We are in Year #6 of the rebuild, people.  Since its inception, we are the only Major League Central team to not play in a postseason game (counting Kansas City as AAA, of course).  Despite this the Dolans have endlessly talked about the unbelievable job GM Mark Shapiro and company have done in "rebuilding" the franchise.  Nothing was more notable than the love fest from Paul Dolan at Mark Shapiro's contract extension media session.  Now I will admit, keeping Shapiro around was probably the best option the Indians had.  Ownership was able to keep an established general manager as opposed to training a rookie or trying to throw chump change on the open market.  But I cringed at the tone of Dolan, speaking as if Shapiro had built a perennial playoff team.  While I would have preferred the "we are ready for the next step" speech, it was instead a "we have arrived" speech.   

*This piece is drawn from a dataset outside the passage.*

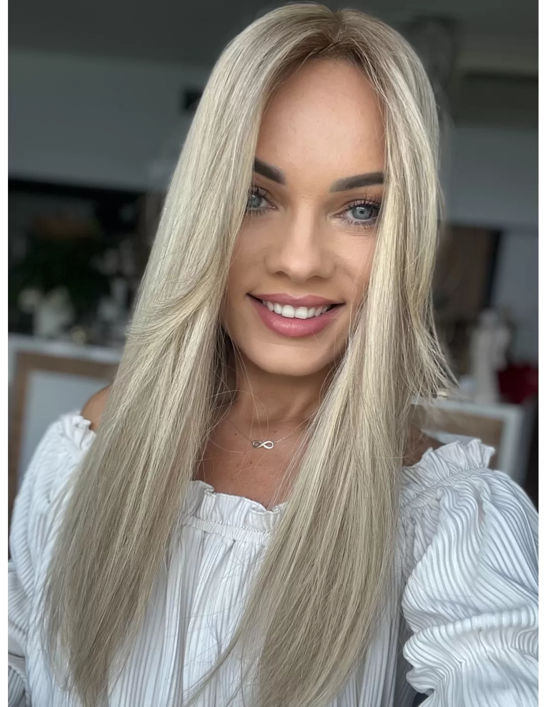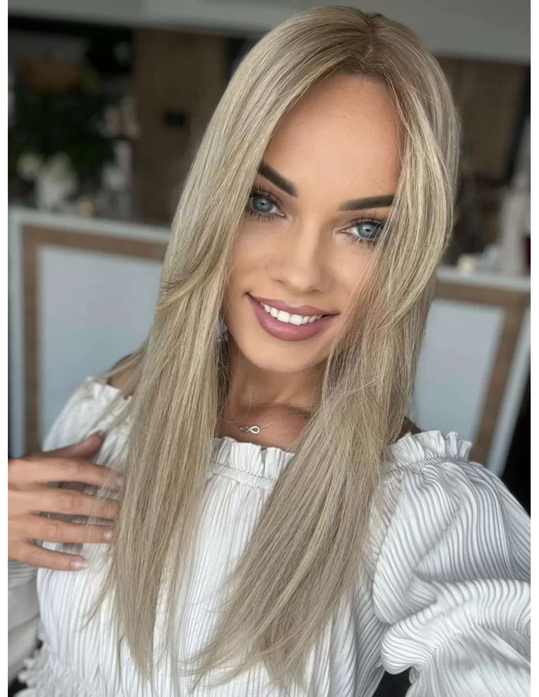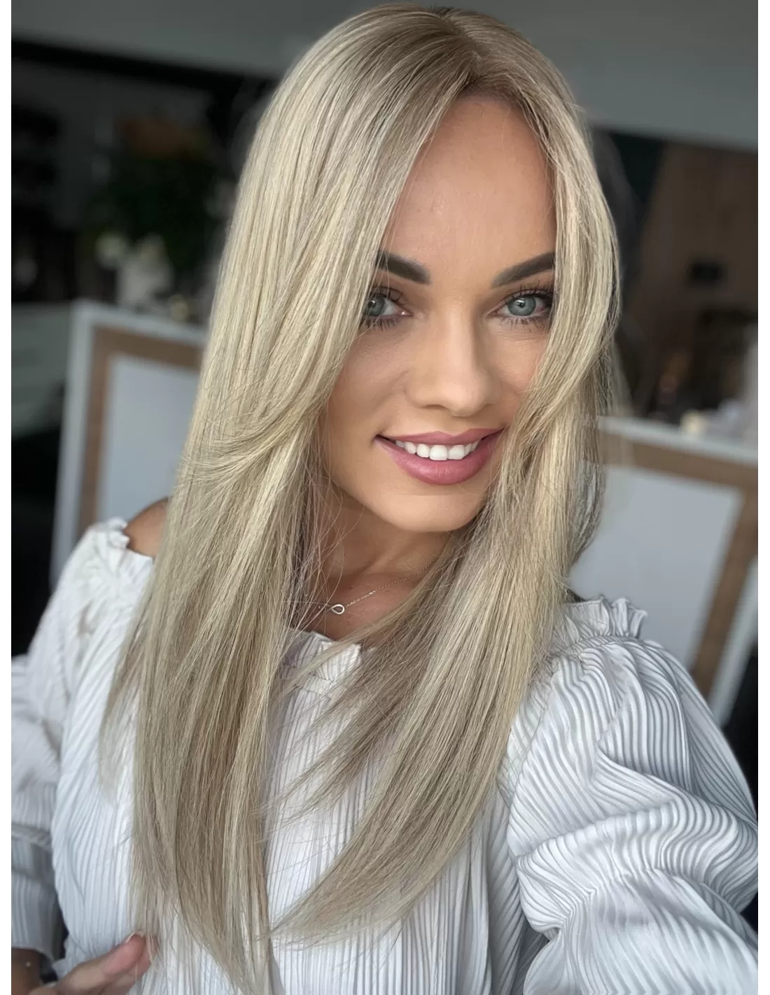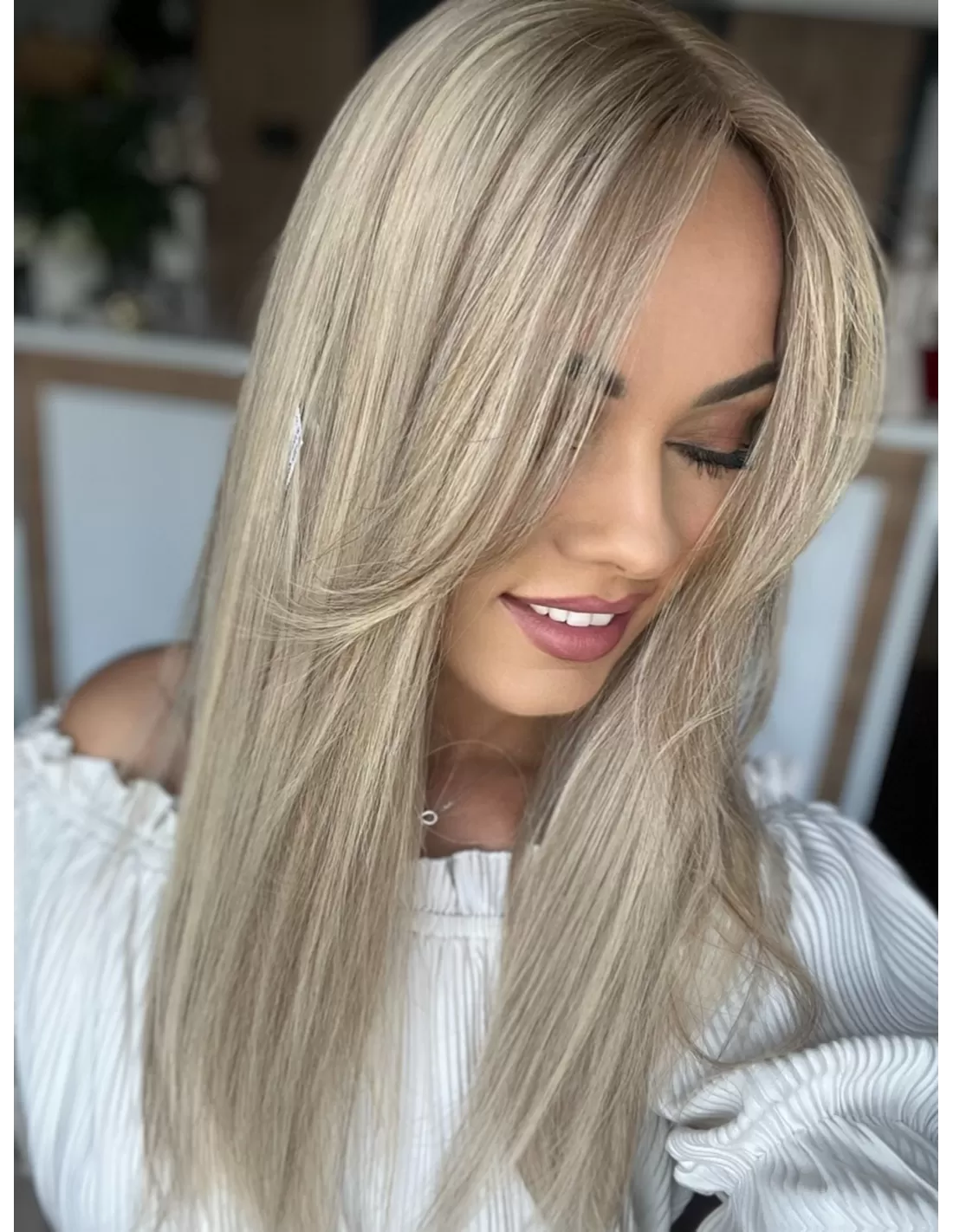 - Kolor: Chłodny balejaż blond – naturalnie przeplecione odcienie chłodnego blondu, które nadają włosom głębię i trójwymiarowość.
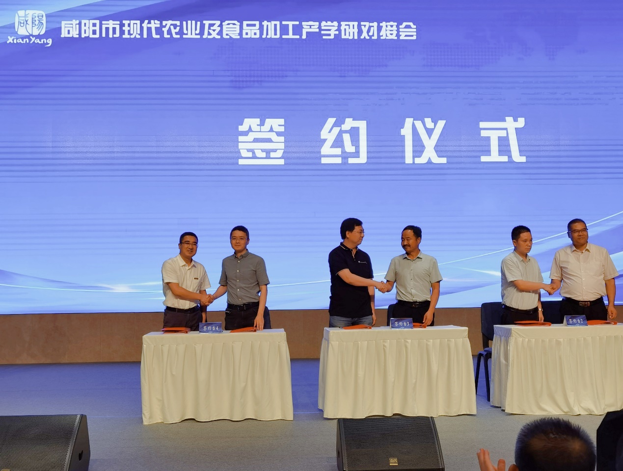 7月2日下午,由咸阳市科学技术局、咸阳市农业农村局、咸阳市乡村振兴局联合举办的“咸阳市现代农业及食品加工产学研对接会”在陕西咸阳高新区召开。beat365在线体育官网副院长赵会武,教师郭森参加此次会议,对接会分企业与高校院所签约仪式、高校及科研院所代表推介科技成果、企业技术需求发布及对接交流三部分进行。

Next on the list is manager Eric Wedge.  After having his roster shaved following a 93-win season in 2005, Wedge managed the Indians to an under performing fourth place finish in '06.  While he survived the season, he was not given the job security his boss had come to realize.  It was enough for most Tribe fans, including myself, to have someone on the spot this year.  It is 2007 now, right? 

Then after one-half year of contending baseball, the Indians chose to extend... not pick up the option mind you, but extend Wedge for three more years.  Unfortunately, this showed many a Tribe fan that consistency in personnel and individual personalities could be the most important thing to the organization.  Maybe even more important than, say, winning!  A scary thought is that contractually, Eric Wedge could be on the Dolan payroll as manager for nearly a decade without a playoff game!  Could someone check with Baseball Prospectus on this?  Has this ever happened? 

Moving on down the line, it appears pitching coach Carl Willis' job is as safe as George Washington's is on the one-dollar bill.  While the players themselves step between the lines and play the game, is anyone accountable for the loss of Jeremy Guthrie?  Where should the finger be pointed for the huge regressions of Cliff Lee and Jeremy Sowers?  Shouldn't Fernando Cabrera be closing for us by now?  Certainly, all clubs have their issues, but it seems like they are more prevalent here. 

If the Indians right the ship and make the postseason, all of the above will be dismissed by Tribe fans.  But, if the team continues to unravel and misses the playoffs once again, a PR nightmare would no doubt ensue.  How can you sell tickets to a 7th sequel? 

Mark Shapiro and Eric Wedge will be back next year and for the foreseeable future.  What happens in the final stretch run could very well shape the Indians success for years to come.  Postseason would bring a renewed love affair with the team, closure to a rebuild, and plenty of filled seats.  Missing out even by one game though, would be a dagger in the hearts of an already fickle fan base.  Barring something out of the ordinary in the off-season, 2008 would be a really tough product to promote. 

So starting tonight, Go Tribe!  Make this article a moot point.